When master spy Richard Sorge was arrested in Tokyo in 1941 by the Japanese police, he had just informed Soviet dictator Josef Stalin that Japan was planning to attack Pearl Harbor. Thus was the culmination of a years-long operation directed by the Soviet Union wherein the ultimate weapon was influence (there's that word again). The Sorge spy ring achieved success in steering Japan away from its previously considered plan to attack the Soviet Union, and instead to turn its fire on another target which turned out to be the United States.
Oil was a major factor in Japan's strategic planning. The "land of the rising sun" had also, in comparatively recent times, emerged from the backwaters to the status of an advanced power. What it lacked, as an expanding empire with high industrial ambitions, was an adequate supply of its own energy resources. The big question for Japanese rulers: to attack the Soviets for access to their oil fields, or direct the Asian empire's fire "southward" to one of the Western powers. (Pre World War II, the U.S. was the world's most prolific oil producer.)
Bad vibes in Russo-Nipponese relations
Relations between Japan and the Soviet Union (as well as the latter's predecessor, Czarist Russia, with whom the Japanese had fought a war) had been extremely tense.
1 – Japan had been at war with pre-Communist China since 1931. In that conflict, the Japanese had assumed control over the Chinese province of Manchuria. That led to border clashes between the Japanese and the Soviet Union, whose Asian sectors adjoined that province.
2 – Confrontations between Japan and the Soviets had lasted off and on for decades (the Manchurian conflicts only adding to long-standing hostility), and fueled Japan's inclination to target Stalin's Soviets for their oil.
3 – Enter Richard Sorge (described by Evans and Romerstein as perhaps the most effective Soviet agent in history), a wounded German World War I veteran who showed up in Japan posing as a journalist fiercely loyal to Nazi Germany, then a Japanese ally. As a correspondent for a German newspaper, Sorge had the advantage of access to the German embassy in Tokyo.

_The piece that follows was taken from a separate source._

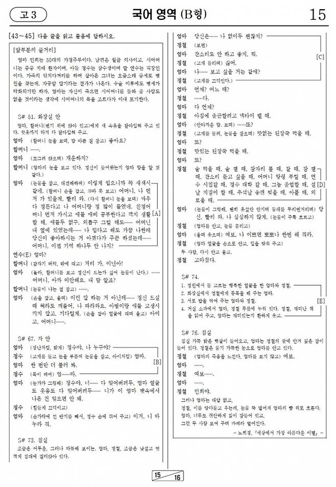 2017년 3월 모의고사 수험생 가슴을 울린 필적 확인용 문구

4 – Herr Sorge in reality was also a ten-year veteran of the Soviet GRU (military intelligence). His spy ring – at the time focused mainly on subterfuge to dissuade Japan from invading the Soviets – included a Red Chinese Communist, Chen Hang Sen; American pro-Soviet writer Agnes Smedley; a British subject, Guenther Stein; and Japanese Communists Horsumi Ozaki and Kinkazu Saionji, both with influences extending into the Japanese imperial cabinet.
How it all worked
America's peacetime forces were far short of a state of readiness, though slowly were starting to rebuild. President Franklin Roosevelt was re-elected in 1940 with an assurance to Americans "again and again and again" that their sons would not have to go to war.

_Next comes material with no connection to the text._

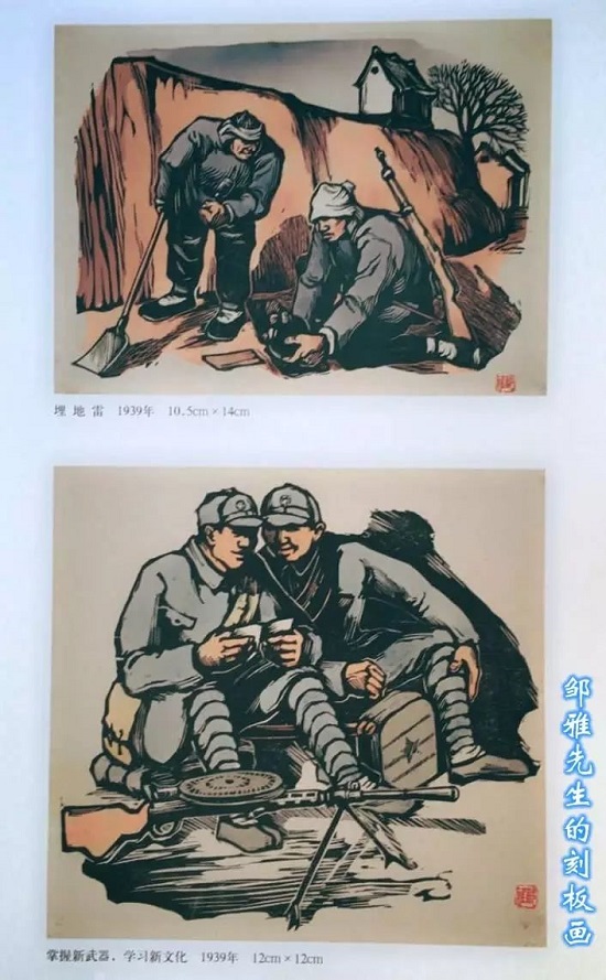 在戈壁的世界,顽强而优雅地活着。这大概是我对苏戈大姐和她的先生邹雅的最深印象。听大姐在今天的来信和随寄的邹雅百年画册中讲,邹先生出生于1916年的江南书香之家无锡,20岁怀揣寻找光明、自由的梦想,投身革命圣地延安,开始用画笔和刻刀为民族解放而歌而泣。与他同时代的丁铃、孙犁这些由解放区走来的艺术家一样,他的画作的主题,绕不过的太行山、挥不去的战火硝烟、山一般沉重的主题、戈壁样的灵魂葛碍,笔触却如青鸟一般在自由歌唱,对光明、美好、自由的向往,从画质的石缝里升腾,用轻盈冲淡着血色与残忍。因而,在后来被打成文艺黑线到干校、到农村、到煤矿进行触及灵魂的改造,也就难以幸免,甚至在被打倒,重新站起来后,在他艺术创作的巅峰盛年,在被迫赴矿井寻找所谓创作题材时,命丧“黄泉”,把年仅58岁的生命化作地火,永远埋在大地之下。但一代艺术巨匠所留在人间的艺术痕迹——那些向往光明、自由的作品,亦如山岗上的参天大树,屹立在森林之上,活在时间的视野顶端。

Meanwhile, popular U.S. opinion strongly opposed our involvement in the wars raging in Europe and Asia, having concluded (and not without reason) that the U.S. had been sucked into World War I to enable the British Empire to save face.
In part, with the lack of preparedness in mind, America's ambassador to Tokyo, Joseph Grew, discussed with Japanese premiere Fumimaro Konoye the possibility of arranging a Konoye-Roosevelt meeting to seek "a compromise arrangement" or "modus Vivendi," something both sides could live with hopefully to avoid war.
Enter "Stalin's Secret Agents" (the American branch)
From Soviet asset Lauchlin Currie at the White House to volunteer Soviet agent Harry Dexter White at Treasury to vehemently pro-Red Owen Lattimore of the Institute of Pacific Relations (all with the alacrity and unison symbolic of a transmission belt) chimed in to warn that any sign of America's willingness to sit down and just talk with the Japanese would smack of a "betrayal" of Nationalist Chinese leader Chiang Kai-shek.
..."Irreparable damage to the good will we've built up in China," according to Currie.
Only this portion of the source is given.